Sometimes sleep is the only viable solution when dealing with an external system. I have such a problem with one of my programs that has to access a hardware device. The problem is the load the hardware can handle varies. To get maximum throughput I have to pound the hardware as fast as possible and when it fails sleep for a random but increasing time. If anyone knows of a more elegant solution please post.
Yeah, that's why I'm not dogmatic about it. With network timeouts, external systems that you can't control, and low level hardware access, sometimes it's the best you can do. The better solution would be for the hardware/system you are interacting with to publish an event or otherwise signal when it is or isn't able to handle more load. If it wasn't designed with back pressure in mind though, you do the best you can, and in your case, exponential backoff is probably it.
Adding jitter to avoid dogpiling is another case where sleeping is perfectly reasonable.

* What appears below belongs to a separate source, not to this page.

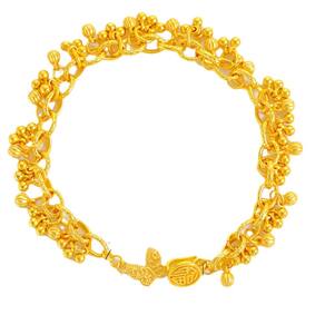 Peso: 33 g Material: Gold Placer Abundant Design inspirado em frutas — apresenta pingentes agrupados que lembram frutas maduras, simbolizando prosperidade, abundância e energia da colheita. Estilo vintage banhado a ouro — Feito com intrincados elos de corrente dourados e detalhes pendentes que refletem o artesanato tradicional com um toque luxuoso. Soft Bell Accents — Inclui pequenos pingentes em forma de sino que se movem suavemente e emitem sons sutis, adicionando apelo visual e sensorial. Fecho oriental seguro — O fecho é detalhado com motivos culturais, incluindo símbolos de borboletas e fortunas, aprimorando a identidade tradicional da pulseira. Estética exótica e espiritual — Ideal para mulheres que buscam um acessório marcante com simbolismo tradicional, adequado tanto para o estilo diário quanto para uso festivo.
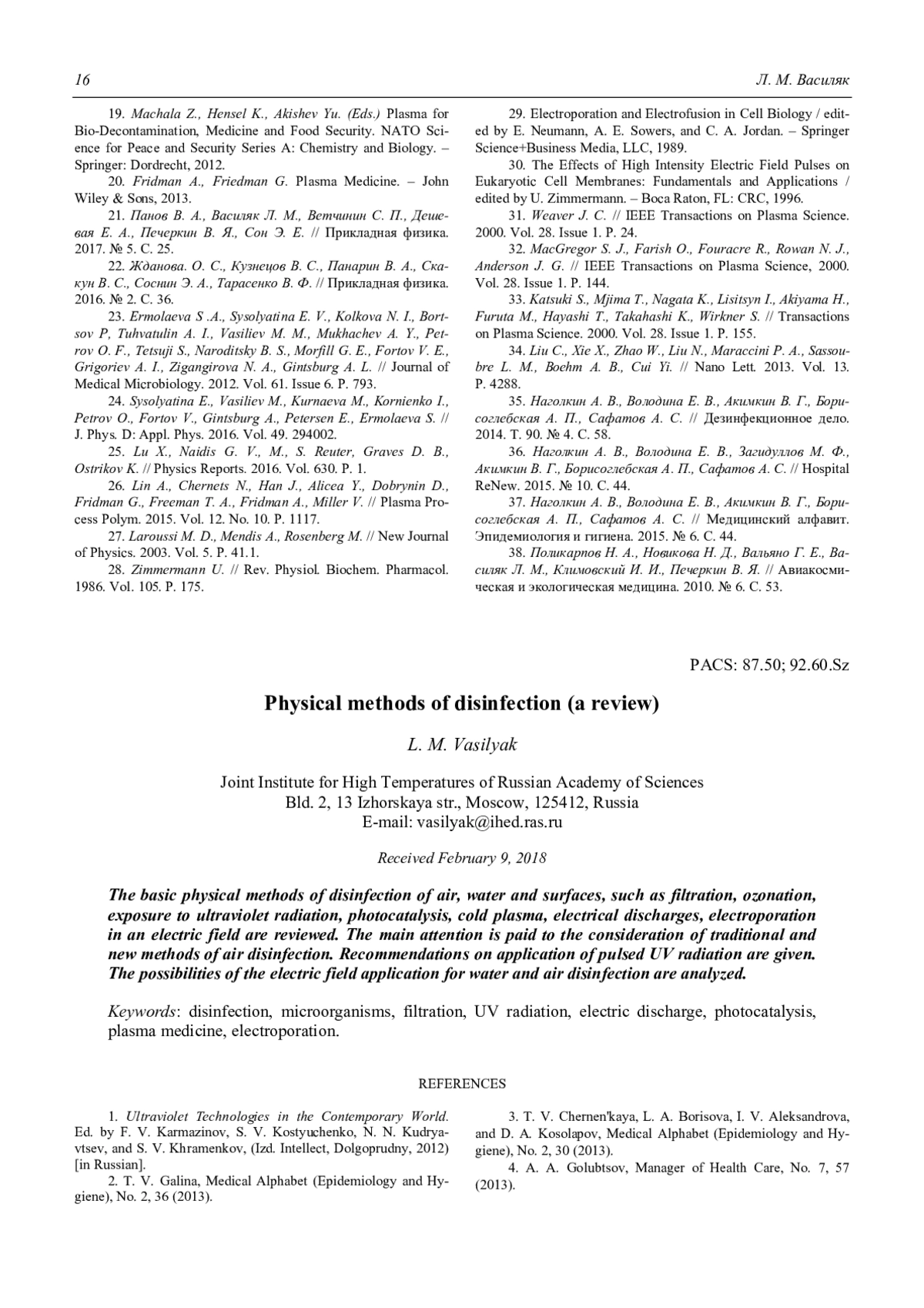 Василяк Л. М. Физические методы дезинфекции (обзор) 5

What I get wary about is the common pattern of: Make a call to some external service. Sleep for some amount of time (to "let it finish"). Then continue under the assumption that it has completed.

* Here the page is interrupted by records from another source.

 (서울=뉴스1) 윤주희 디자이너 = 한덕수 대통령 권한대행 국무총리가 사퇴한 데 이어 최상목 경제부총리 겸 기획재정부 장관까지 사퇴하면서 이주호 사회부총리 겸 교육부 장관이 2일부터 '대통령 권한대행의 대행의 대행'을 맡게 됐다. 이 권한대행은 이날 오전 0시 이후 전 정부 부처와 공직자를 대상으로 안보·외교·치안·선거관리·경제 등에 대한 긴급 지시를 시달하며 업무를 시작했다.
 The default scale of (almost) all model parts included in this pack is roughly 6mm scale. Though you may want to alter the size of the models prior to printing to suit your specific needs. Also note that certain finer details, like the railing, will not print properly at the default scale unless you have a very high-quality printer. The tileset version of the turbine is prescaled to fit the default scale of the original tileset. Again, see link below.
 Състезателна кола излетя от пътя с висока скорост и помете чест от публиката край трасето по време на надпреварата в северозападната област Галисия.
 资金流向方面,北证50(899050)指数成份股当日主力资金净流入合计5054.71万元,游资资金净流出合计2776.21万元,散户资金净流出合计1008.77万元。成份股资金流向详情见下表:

I think we are in massive agreement here. Sleep can be used as crutch inappropriately, but when you have a broken leg a crutch is exactly what you need.
Not only is this from 2014 and not labeled as such, but the shortened title is linkbait. No system gets 100% uptime. This article is about eliminating one small source of downtime for HAProxy systems. Nice, but not exactly a revolution.
Why does HAProxy need reloading of config change, can't it load the new config do a diff and apply only that? Or alternative ways of having a web frontend for HAProxy to make changes to the config piecemeal without restarting?